Ist es nur ein Anti-Merkel-Effekt oder ist das Politikmodell Merkels nicht mehr mit den veränderten gesellschaftlichen Bedingungen kompatibel? Gibt es die Lust auf einen neuen Aufbruch und wenn ja, wohin?
In dieser Situation bietet Matin Schulz für viele eine ideale Projektionsfläche. Er ist ein frisches Gesicht, verfügt über eine klare, die Menschen emotional erreichende Sprache und verkörpert durch seine Biographie das von ihm transportierte Thema Gerechtigkeit. Martin Schulz profitiert dabei gleich mehrfach: von der Sozialdemokratisierung der CDU und von der Zerrissenheit der CDU/CSU in der Flüchtlingsfrage; von einer breit getragenen Empörungswelle gegen die AfD, die nebenbei auch nützlich ist, jede unliebsame Kritik an bestehenden Verhältnissen abzuwehren. Mit der Verlängerung des Arbeitslosengeldes I will Martin Schulz die Agenda 2010 wieder aufknüpfen und mit den Themen Rente und Erbschaftssteuer das Thema Gerechtigkeit bespielen. Dies alles sind Bausteine, aber es ist noch keine ernsthafte Agenda, die in eine überzeugende politische Erzählung eingebettet ist als Kennzeichen eines neuen Aufbruchs.

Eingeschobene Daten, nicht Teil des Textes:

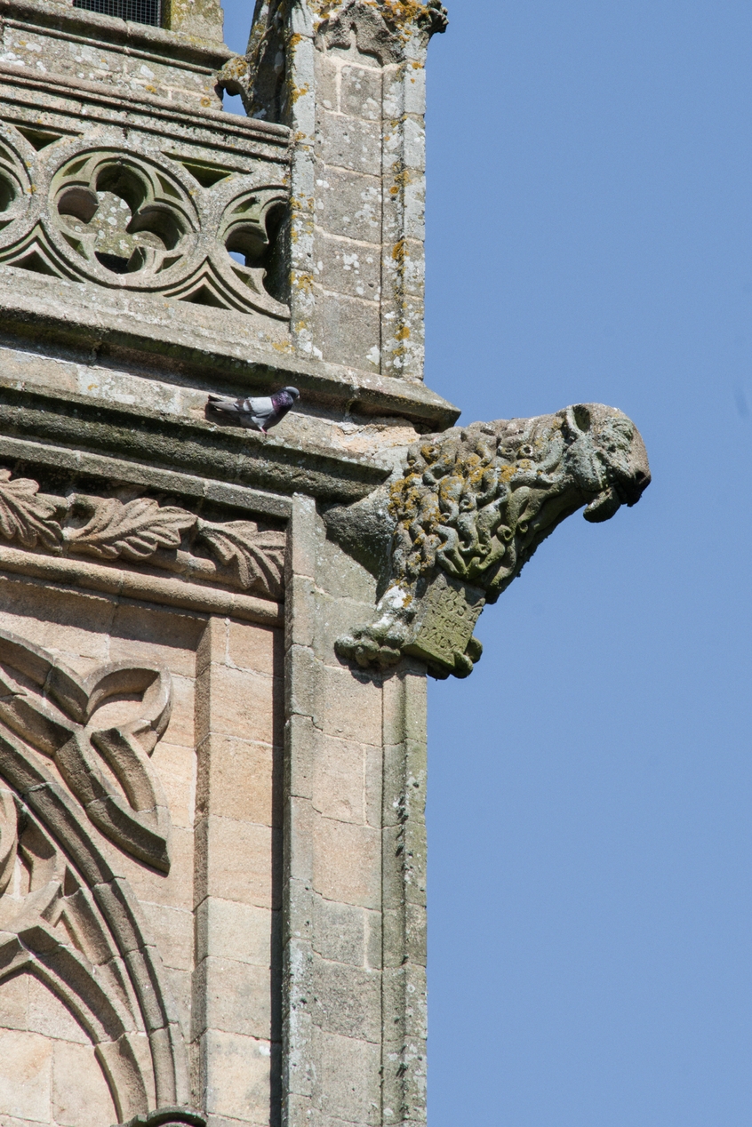 Vue de détail : gargouille sur le pilastre cornier nord-est du clocher, représentant le lion de saint Marc.Immatriculation
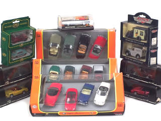 miniatures reproduisant les modèles : MERCEDES (4 exemplaires différents regroupés dans un coffret), ALFA ROMEO (2 exemplaires différents regroupés dans un coffret), MG (2 exemplaires différents regroupés dans un coffret), JAGUAR (2 exemplaires différents regroupés dans un coffret), BENTLEY (2 exemplaires différents regroupés dans un coffret), CITROEN, FORD, MORRIS & BEDFORD - on y retrouve les marques : NEW-RAY, ARS MODEL, LLEDO & CORGI TOYS - 4 boîtes en état 'c'
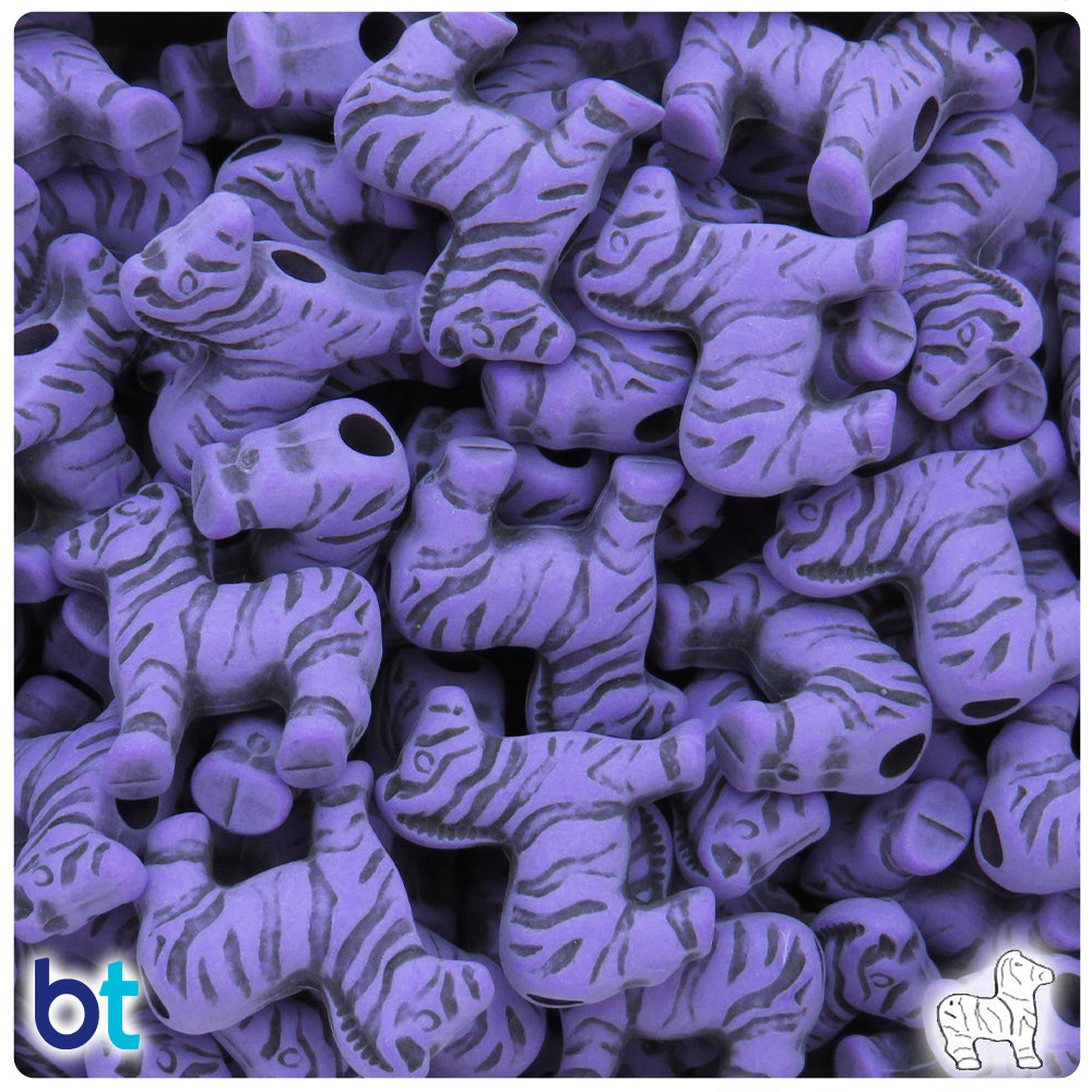 Our dark lilac purple, with a black detailed antique finish, zebra shaped plastic pony beads from the safari animals series. These pony beads measure 22mm long and 20mm high, with a 4mm hole running horizontally across the middle of the bead. These plastic pony beads are made in the USA with high-quality, non-toxic polystyrene plastic and sold in packs of approx. 24 beads. Pony beads are ideal for a wide variety of projects like; necklaces, bracelets, kandi, filler beads and dream catchers. The larger hole is easier to thread so makes them perfect for children's parties, activity camps and VBS.

Verspricht Schulz nun das immer Gleiche, nur das etwas besser zu machen, mehr sozialstaatliche Leistungen, mehr Sicherheit durch mehr Polizei, mehr Teilhabe, mehr Gerechtigkeit? Oder findet er einen europäischen, sozialdemokratisch-vernetzten Weg, der dem Neo-Liberalismus die Zähne zieht und die Spaltung der Gesellschaft überwindet?
Und was für ein Verständnis von Arbeit hat eigentlich eine frühere Arbeiterpartei, wenn sich Arbeit durch technologische Entwicklungen rasant wandelt? Joe Kaeser und Timotheus Höttges propagieren angesichts des Vormarschs der Robotik schon mal das Grundeinkommen. Es ist die Frage danach, wie Zukunft künftig gestaltet werden kann. Oder mit einem Zitat von Albert Einstein: „Mehr als die Vergangenheit interessiert mich die Zukunft, denn in ihr gedenke ich zu leben.“
Die Antworten der Politik darauf werden zeigen, ob Merkels Politikmodell in Zeiten heftiger gesellschaftlicher Umbrüche weiterhin tauglich ist. Oder eben nicht. Und was käme dann? Die Auseinandersetzung darüber steht erst am Anfang.